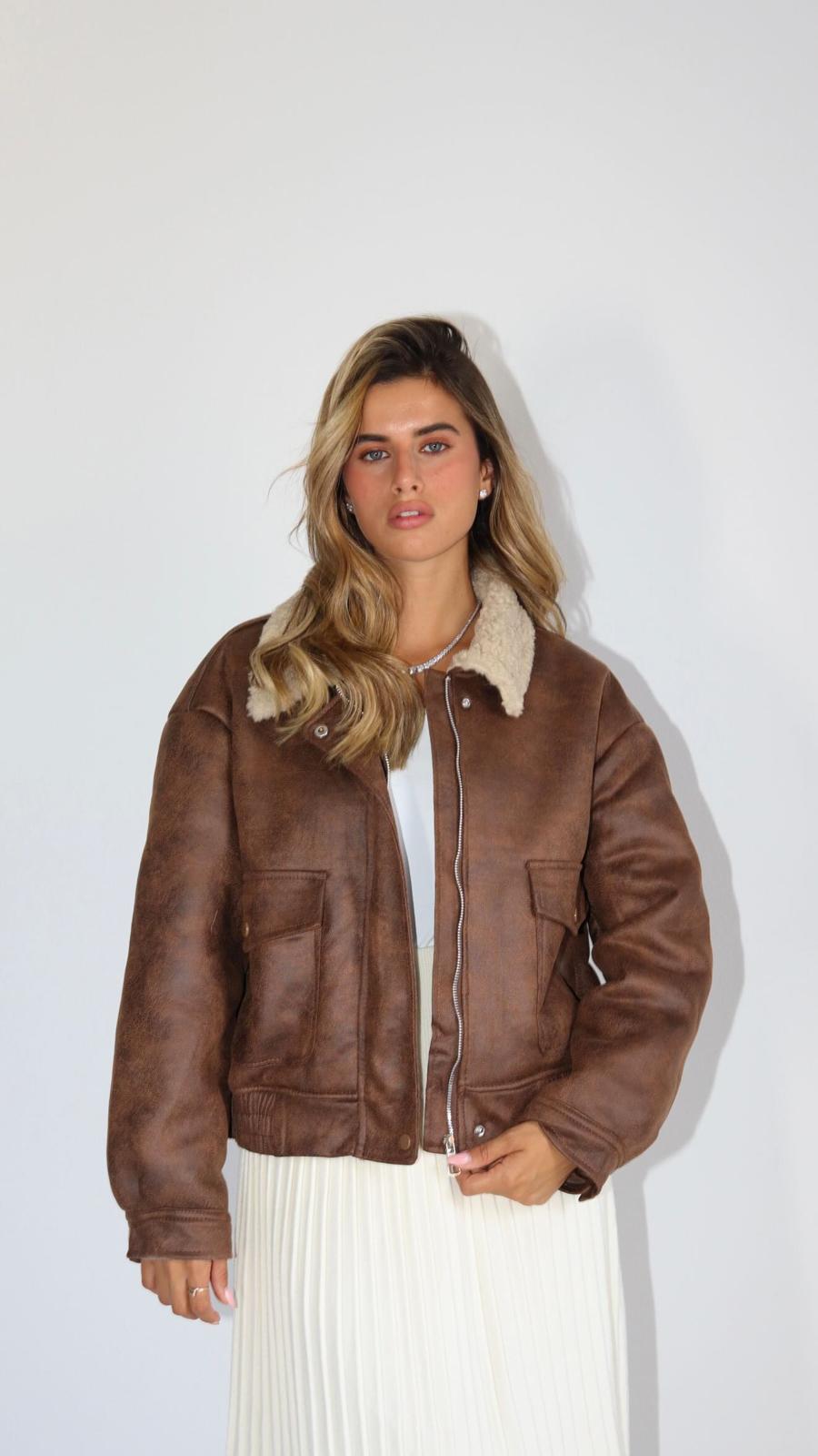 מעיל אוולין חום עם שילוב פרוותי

...

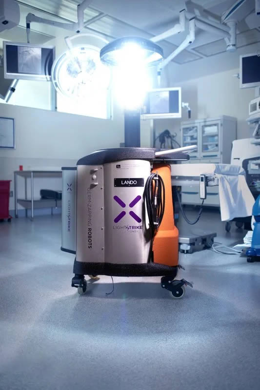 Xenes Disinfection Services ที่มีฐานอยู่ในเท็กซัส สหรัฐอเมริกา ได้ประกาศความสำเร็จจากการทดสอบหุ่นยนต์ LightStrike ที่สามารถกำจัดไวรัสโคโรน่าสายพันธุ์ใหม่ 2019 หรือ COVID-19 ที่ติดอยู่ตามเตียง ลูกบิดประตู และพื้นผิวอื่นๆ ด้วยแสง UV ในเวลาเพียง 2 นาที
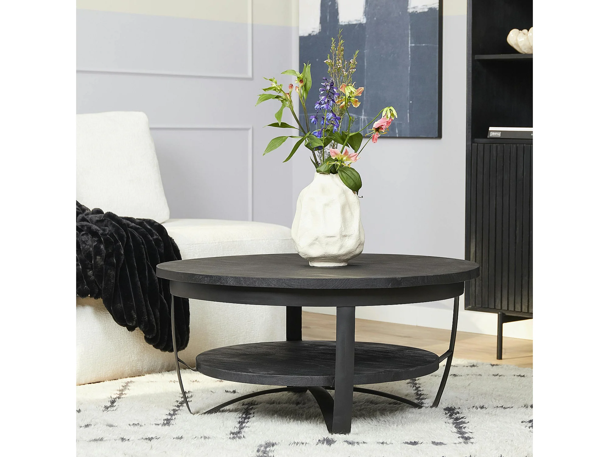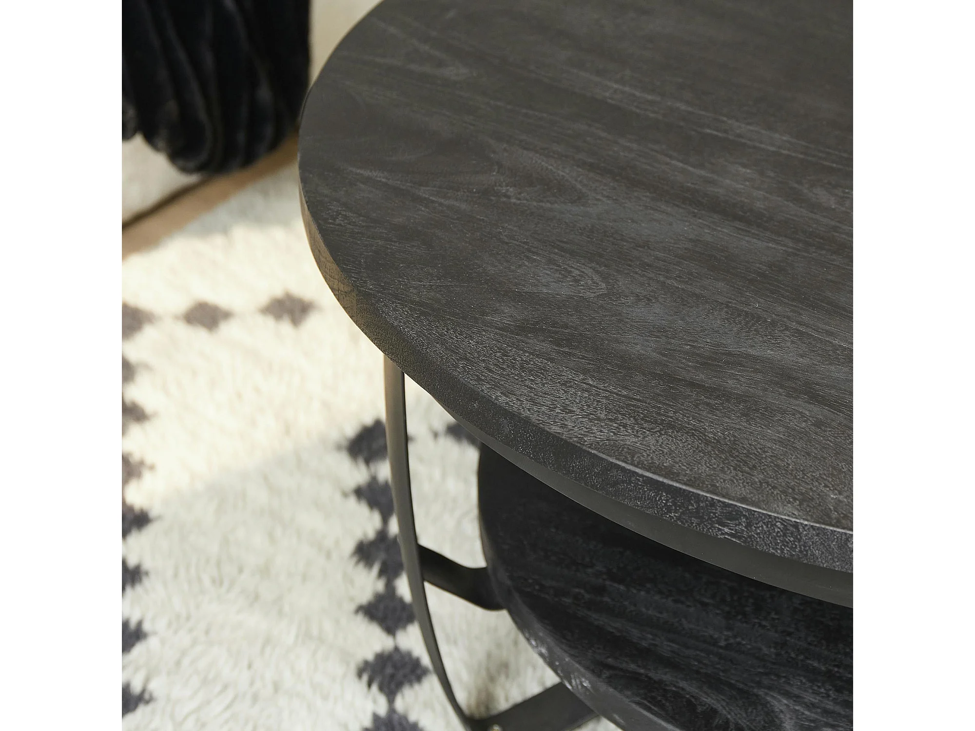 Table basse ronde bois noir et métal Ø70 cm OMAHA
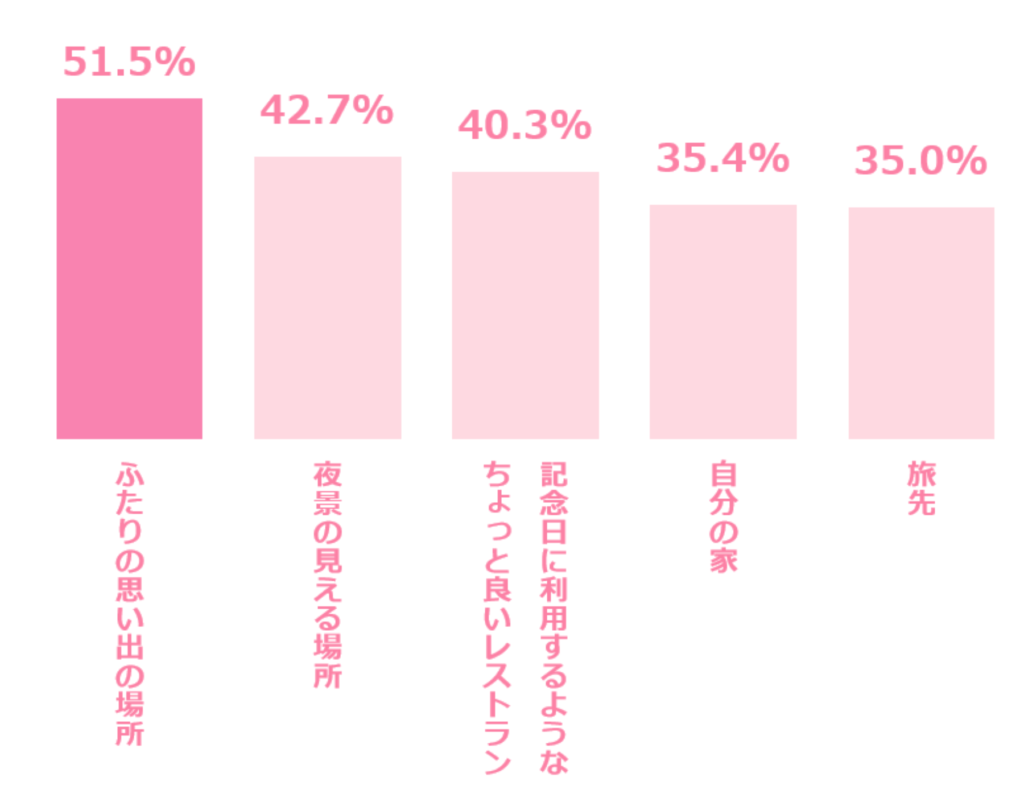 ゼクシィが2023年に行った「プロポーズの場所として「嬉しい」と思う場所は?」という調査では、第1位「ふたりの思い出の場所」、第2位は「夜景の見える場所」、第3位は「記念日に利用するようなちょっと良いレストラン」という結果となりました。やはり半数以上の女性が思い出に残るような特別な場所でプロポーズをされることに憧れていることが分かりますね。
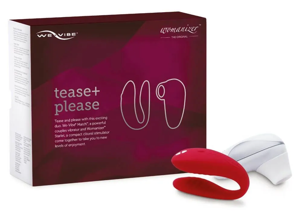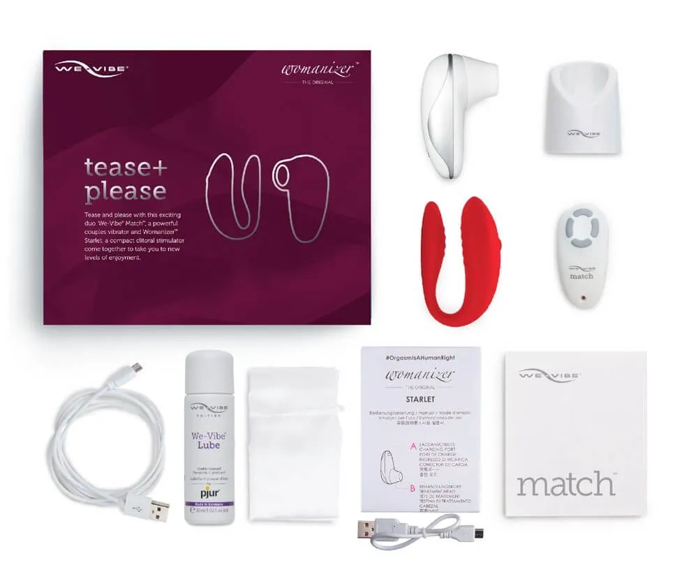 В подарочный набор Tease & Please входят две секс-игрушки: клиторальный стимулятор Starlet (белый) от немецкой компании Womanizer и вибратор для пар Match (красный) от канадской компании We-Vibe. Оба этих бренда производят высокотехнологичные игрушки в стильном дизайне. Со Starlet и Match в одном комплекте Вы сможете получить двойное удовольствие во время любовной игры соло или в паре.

---

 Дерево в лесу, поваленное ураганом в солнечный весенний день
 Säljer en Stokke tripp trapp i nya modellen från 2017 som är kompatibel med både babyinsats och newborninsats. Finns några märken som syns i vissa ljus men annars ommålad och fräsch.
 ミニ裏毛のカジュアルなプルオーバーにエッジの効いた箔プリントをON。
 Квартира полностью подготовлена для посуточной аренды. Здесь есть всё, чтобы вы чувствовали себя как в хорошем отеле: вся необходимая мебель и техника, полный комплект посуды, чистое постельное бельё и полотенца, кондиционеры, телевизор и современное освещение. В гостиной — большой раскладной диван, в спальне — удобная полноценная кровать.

■ THE TASK
Give back, exactly and without pictures, the stretch of the records above from the line containing "Xenes Disinfection Services" through the line containing "В подарочный набор", with both end lines included.

■ ANSWER TO THIS TASK
 Xenes Disinfection Services ที่มีฐานอยู่ในเท็กซัส สหรัฐอเมริกา ได้ประกาศความสำเร็จจากการทดสอบหุ่นยนต์ LightStrike ที่สามารถกำจัดไวรัสโคโรน่าสายพันธุ์ใหม่ 2019 หรือ COVID-19 ที่ติดอยู่ตามเตียง ลูกบิดประตู และพื้นผิวอื่นๆ ด้วยแสง UV ในเวลาเพียง 2 นาที
 Table basse ronde bois noir et métal Ø70 cm OMAHA
 ゼクシィが2023年に行った「プロポーズの場所として「嬉しい」と思う場所は?」という調査では、第1位「ふたりの思い出の場所」、第2位は「夜景の見える場所」、第3位は「記念日に利用するようなちょっと良いレストラン」という結果となりました。やはり半数以上の女性が思い出に残るような特別な場所でプロポーズをされることに憧れていることが分かりますね。
 В подарочный набор Tease & Please входят две секс-игрушки: клиторальный стимулятор Starlet (белый) от немецкой компании Womanizer и вибратор для пар Match (красный) от канадской компании We-Vibe. Оба этих бренда производят высокотехнологичные игрушки в стильном дизайне. Со Starlet и Match в одном комплекте Вы сможете получить двойное удовольствие во время любовной игры соло или в паре.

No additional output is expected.